Mas John Mann, conselheiro independente do governo sobre o anti-semitismo, disse: ‘É um apoio ao terrorismo e ao racismo aberto contra os judeus. Não há ambiguidade.

“Vem das margens extremas da política.

“Isto vai muito além de tudo o que aconteceu durante o Partido Trabalhista sob Jeremy Corbyn.

‘Esse faz Corbyn parecer um moderado.

«O elemento excêntrico que preocupava até Corbyn entrou em massa nos Verdes.

“Também está o mais longe possível da política verde do passado.

“Os Verdes costumavam querer acabar com os combustíveis fósseis e a energia nuclear e construir parques eólicos.

‘Agora o ódio está trazendo membros para o Partido Verde.’

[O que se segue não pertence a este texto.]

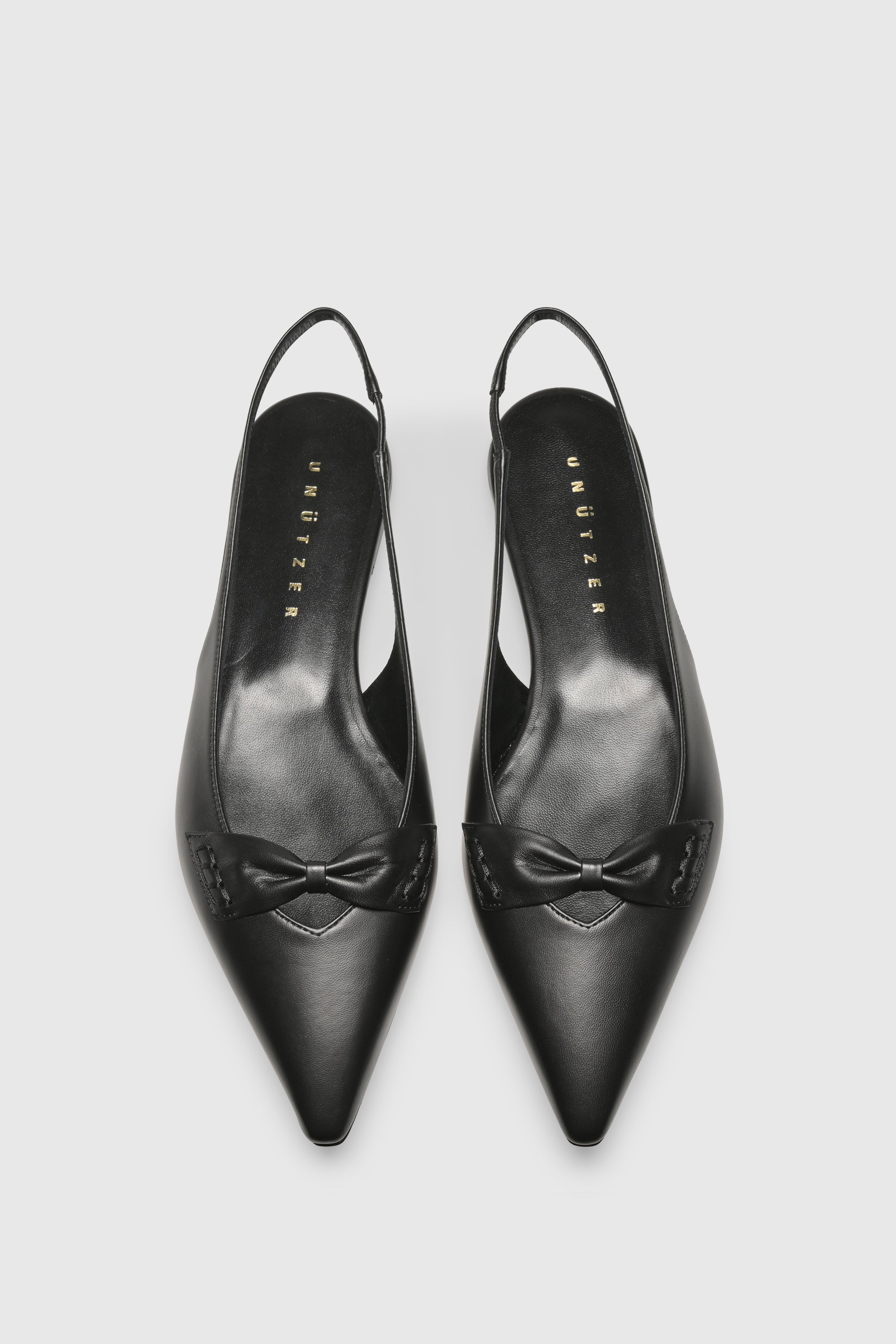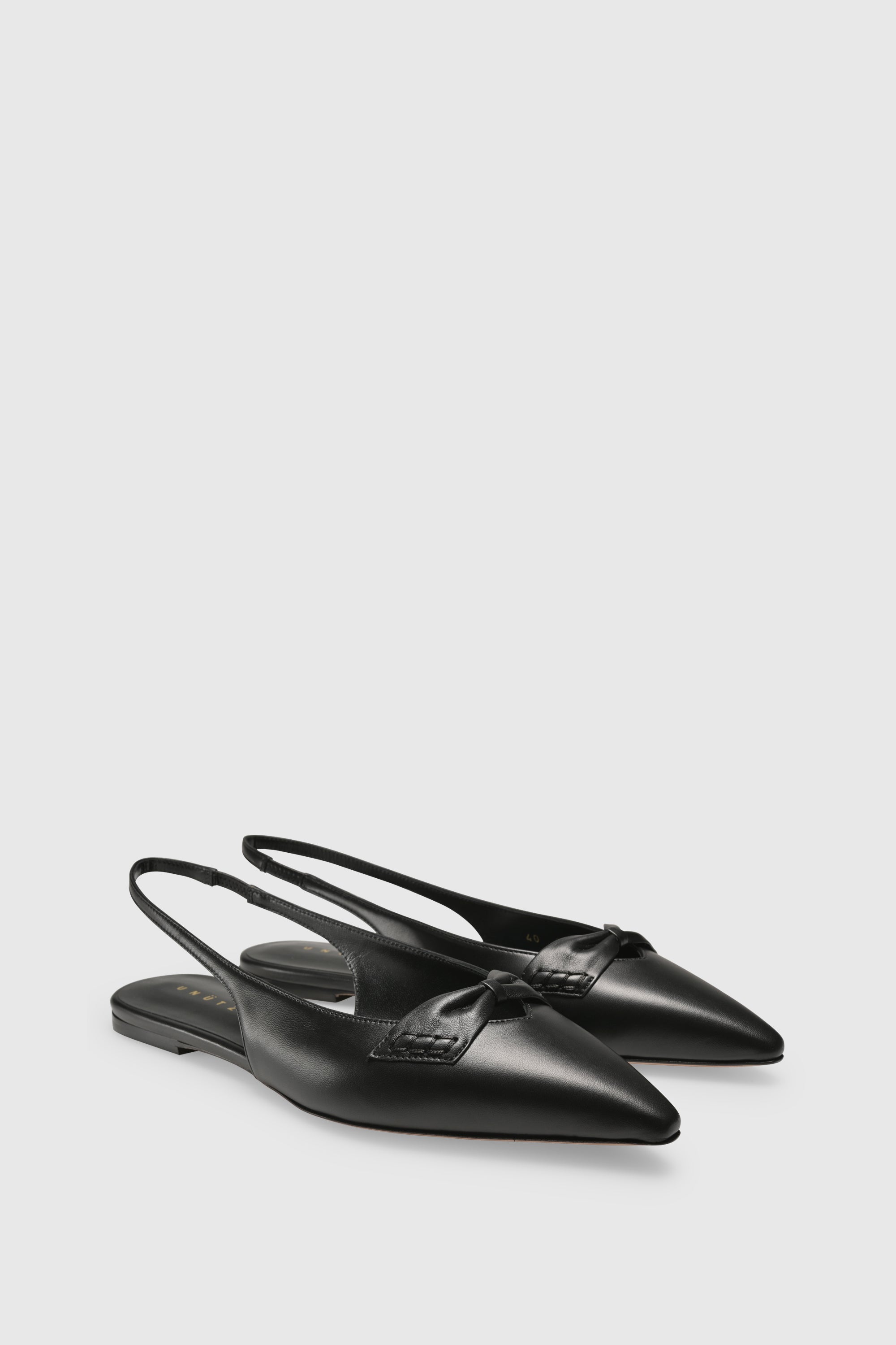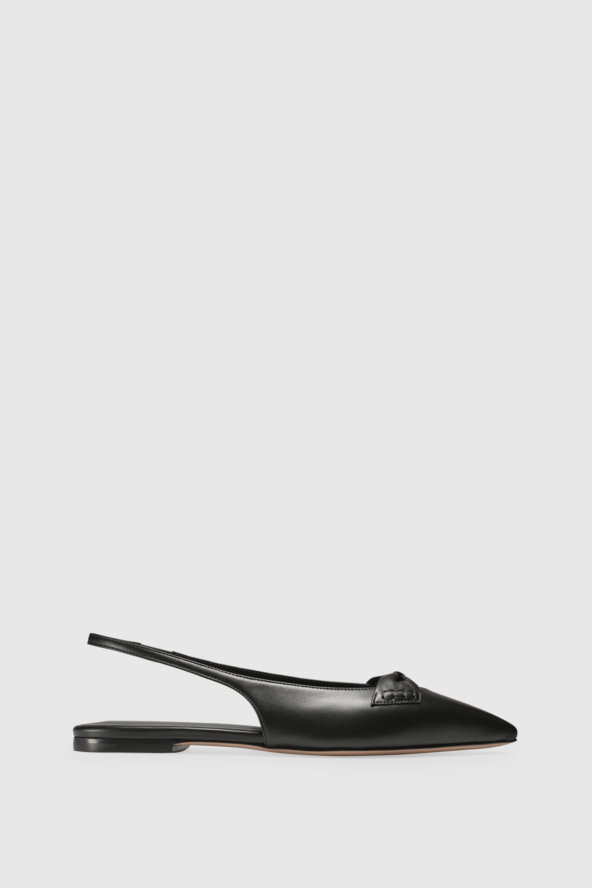 Der Slingback 9571 Nappa Black wird in Italien aus glattem schwarzem Nappaleder handgefertigt. Als Slingback-Flat gestaltet, verfügt er über eine spitze Zehenform, ein Lederschleifendetail sowie einen Slingback-Riemen mit elastischem Einsatz für einen sicheren und flexiblen Sitz.
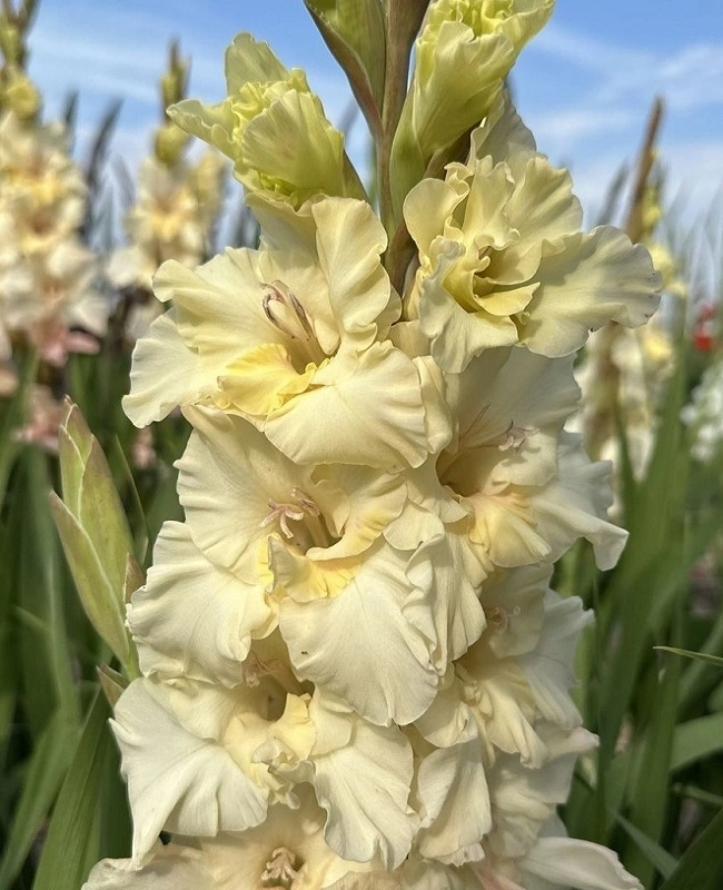 Holland 2025,310,M. Voskové a zřasené květy jsou krémově bílé ve vynikajícím kontrastu s tmavými klasy se zelenými poupaty. Extra.
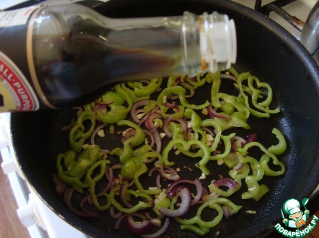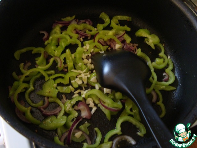 На сковороду нальём оливковое масло и выложим чеснок, лук и потом перцы. Чуть обжарим.
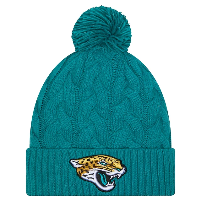 Women's New Era Teal Jacksonville Jaguars Cable Cuffed Knit Hat with Pom
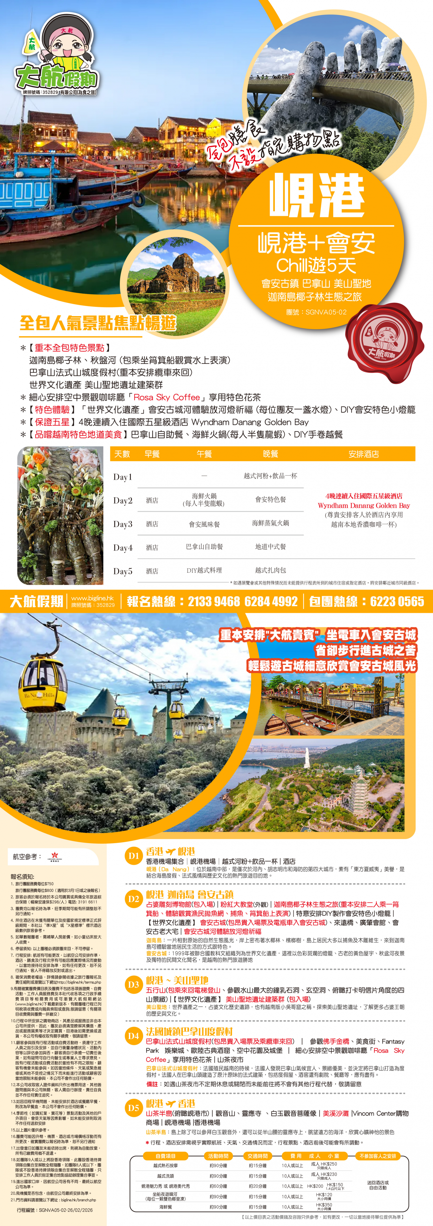 *團員繳付退票費後 (如適用): 1) 已繳款項可保留半年; 或 2) 選擇轉團後, 餘款則保留半年; 或 3) 可繳付『迫不得已理由』之手續費後, 取回已付餘款。 *個別機票+酒店套票產品如因『迫不得已理由』取消外遊行程, 處理旅客退款時亦按以上訂列收取每位退票費及手續費, 並以行程表 (套票單張) 所列為準。 責任細則: 1. 本公司保留合併團隊出發的權利。 2. 行程書或單張內所列費用根據當時機票價格及國際貨幣兌換率而訂立。外幣浮動等情況之下, 本公司保留在出發前調整各項費用的權利及徵收額外費用。 3. 所有列出的交通服務資料只供參考, 如有更改概不負責, 一切須以出票時為準。 4. 除本公司直接提供之服務外, 本公司及其職員或附屬公司或與本公司有經營關係之公司代理人身份在香港或外地安排其他獨立機構所提供之交通工具 (如飛機、輪船、火車、或遊覽巴士等) 、住宿、膳食或娛樂觀光項目等 (“委託機構”), 團員如遇交通延誤、行李遺失、意外傷亡或財物損失等, 該依照當地法律向擁有、管理或操作之委託機構直接交涉或追討賠償, 通常該等機構均各訂位不同條例, 以對客人負責。在此情況下, 本公司概不對該等損失或傷亡負責。 5. 除因由本公司之員工或其他直接管理或操作之機構之疏忽而引致團員之個人傷亡外, 本公司對團員在任何意外中之個人傷亡、經濟、娛樂或精神損失概不負責。 6. 除經本公司同意及安排, 如團員自行更改由其他人士代為參團, 本公司或其委託機構之職員有權取消其隨團之資格, 而無須發還任何團費, 而該人士在隨團期間之保險、責任賠償、行為後果等均由該人仕自行承擔。 7. 如因天氣、罷工、戰爭、怠工或安全情況影響而引致有關交通工具暫停服務, 停航或其他事故, 而必須將行程更改或取消部份行程, 本公司則將團員所繳交之費用扣除因以上事故而引致之損失後, 退回差額給團員。 8. 有關住宿、膳食、遊覽節目等問題, 均依據行程表安排, 行程先後次序有可能需要更改, 一切以當地安排為準。若遇特殊情況, 如簽證受阻, 當地酒店突告客滿或航機改變飛行時間或地點, 以及非本公司或其委託機構所能控制之因素, 令旅行團節目有增減, 或臨時更改交通工具、班機時間、機種及更換酒店等等, 本公司或其委託機構得依當時情況全權盡力處理, 團員不得藉故反對或退出, 因故取消之節目, 將不獲退還款項, 任何因延期而引致之額外支出, 本公司或其委託機構概不負責。 9. 所有酒店及住宿根據行程安排, 本公司視乎當時情形作出更改, 但不限於遇展覽會或特殊情況下, 將住宿鄰近城市之同等級酒店及住宿代替。本公司如因『迫不得已理由(外遊)』(即指戰爭、政治動盪、恐怖襲擊、天災、疫症、惡劣天氣、交通工具發生技術問題、載運機構臨時更改班次或取消服務、罷工、工業行動、旅遊目的地政府或世界衛生組織發出旅遊警示(警告)、香港特別行政區政府發出紅色或黑色外遊警示、不可抗力事件,以及業界不能控制的其他不利離開香港或在香港境外旅遊的情況)於外遊旅行團出發後更改任何項目而引致成本增加,可向顧客徵收額外費用。 10. 【已成團】代表該團號之指定出發日期預訂機位或已有足夠人數報名參加。但出發與否還受其他因素影響, 本公司保留最終決定權。 11. 任何團員在參與各項活動時, 如經常不遵守服飾人員之指引或安排, 在行動或言語上侮辱或滋擾其他團員或工作人員, 本公司或其委託機構職員有權視具體情況而取消其隨團資格而母須發任何團費, 而受該旅客監護之18歲以下同行團員亦須一併離開, 有關旅客離團後一切活動, 概與本公司或其委託機構無關。 12. 團員如欲於旅程完畢後延期返港, 須於出發前十四天提出, 以便本公司代為預定返港機位, 延期返港之機位, 未能即時作實, 團員不得藉此理由要求退出, 旅程完畢後延期逗留之費用, 概由團員自負。 13. 延期返港之團友, 必須在離境前七十二小時向航空公司確實回程機位, 任何機位如有變更, 概與本公司無關。 14. 團員如在旅途中自行離團或放棄行程, 離團後之責任自負, 一切後果與本公司或其委託機構無關。 15. 參團者須切實遵守各國及各地法例, 包括但不限於防疫防控條例, 並嚴禁攜帶違例物品出入境, 並照實申報攜帶之物品及現金。 16. 任何種類的簽證審批權及出入境批准權一律由該國或地區之領事館及/或出入境部門全權決定, 出入境如有問題, 責任旅客自負, 本公司或其委託機構母須負任何責任。如簽證已代辦, 簽證費恕不退還。 17. 即使團員持有效之入境簽證及旅遊證件, 而於入境時被當值之移民局海關人員拒絕入境, 本公司或其委託機構亦無須負任何責任。所需額外安排之食宿、交通費用、全部由其本人負責, 其餘下的行程亦將不會獲得任何補償, 亦不得要求退款或改團。 18. 中國內地相關法規規定, 即日起旅客入住中國內地境內酒店時, 公安機關會透過酒店前台向旅客一併採集人像信息資訊。 19. 如出現一些非本公司能力範圍可控制之問題 (如花卉、紅葉提早凋謝或景觀、自然現象、景點活動或戶外項目) 會受天氣等因素影響, 如未能安排則取消不作任何退款安排。 20. 旅客如在旅程中確診 COVID-19或其他傳染病,無論受到當地政府隔離或其他檢疫要求影響與否,為確保其他旅客之安全,確診旅
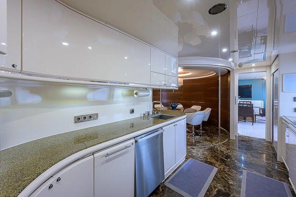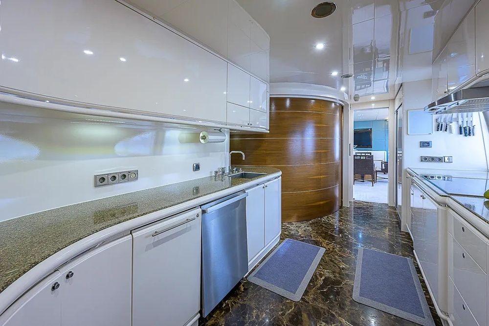 The Galley is open to the salon and formal dining room with ample storage, modern gourmet appliances, large window for natural lighting and forward deck access through watertight door. Etched glass door Granite sole Granite countertops Sink flush mounted Cabinets Pantry open Refrigerator Sub Zero Cooktop Miele Hood lighted with fan Miele Oven over under Miele Microwave Miele Dishwasher Miele Outlets 110V GFI Lighting LED Watertight door Sea light
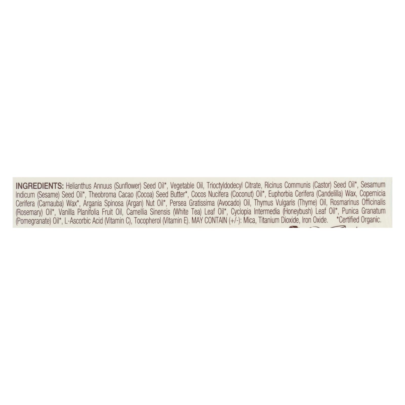 ingredients : helianthus annuus;sunflower;seed oil;vegetable oil;trioctyldodecyl citrate;ricinus communis;castor;sesamum indicum;sesame;theobroma cacao;cocoa;seed butter;cocos nucifera;coconut;oil;euphorbia cerifera;candelilla;wax;copernicia cerifera;carnauba;argania spinosa;argan;nut oil;persea gratissima;avocado;thymus vulgaris;thyme;rosmarinus officinalis;rosemary;vanilla planifolia fruit oil;camellia sinensis;white tea;leaf oil;cyclopia intermedia;honeybush;punica granatum;pomegranate;l-ascorbic acid;vita

Um porta-voz do Conselho de Deputados dos Judeus Britânicos advertiu que a moção e a campanha de apoio a ela “ameaça tornar o Partido Verde um ambiente hostil e discriminatório para os seus membros judeus e tem implicações significativas para os judeus britânicos de forma mais ampla”.

O vice-ministro das Relações Exteriores de Israel, Sharren Haskel, disse ao Daily Mail: “Esta moção do Partido Verde é um dos documentos odiosos e racistas que já li.

«Apela à destruição de Israel e procura justificar o terrorismo contra Israel. A sua intenção é justificar a destruição da pátria judaica e negar o direito dos judeus a um lar nacional.

“Os padrões duplos são extraordinários, pois exigem um lar nacional para os palestinos, mas não para os judeus.

“Condeno completamente este documento horrível e espero que o povo do Reino Unido veja os Verdes como eles são: um partido político racista e odioso.”

O Mail revelou no início deste mês que um membro dos Verdes tomou a medida dramática de denunciar o seu partido à polícia antiterrorista sobre a moção.

Um porta-voz do Partido Verde sublinhou que “atualmente não se trata de uma política” e apenas de uma “moção proposta” que todos os membros podem apresentar. Ele disse que teria que ser bem-sucedido em uma votação de priorização em andamento antes de poder ser votado na conferência da primavera.

Mas a campanha online que incentiva novos membros a aderirem para apoiar a moção fornece guias passo a passo detalhados sobre como votar a favor da moção na votação prioritária e, se for bem-sucedida, como votar a favor na conferência da primavera.

O porta-voz dos Verdes recusou-se a comentar os relatos de que a moção é apoiada pelo vice-líder do partido, Sr. Ali.

Num vídeo no TikTok no dia dos ataques de 7 de outubro, Ali afirmou que Israel usaria o “pretexto da reação dos combatentes do Hamas, ou supostamente combatentes do Hamas” para atacar Gaza.

No dia seguinte, ele disse no Facebook que os combatentes do Hamas eram “povos indígenas que se defendiam” e apelou ao fim do “colonialismo europeu de supremacia branca”.

Um porta-voz da Campanha Contra o Antissemitismo acrescentou: “O Partido Verde parece preparado para reciclar os piores ódios da história.

‘Não só esta moção deveria ser rejeitada, mas aqueles que a propuseram deveriam ser expulsos do Partido.’

Speitan não respondeu aos pedidos de comentários.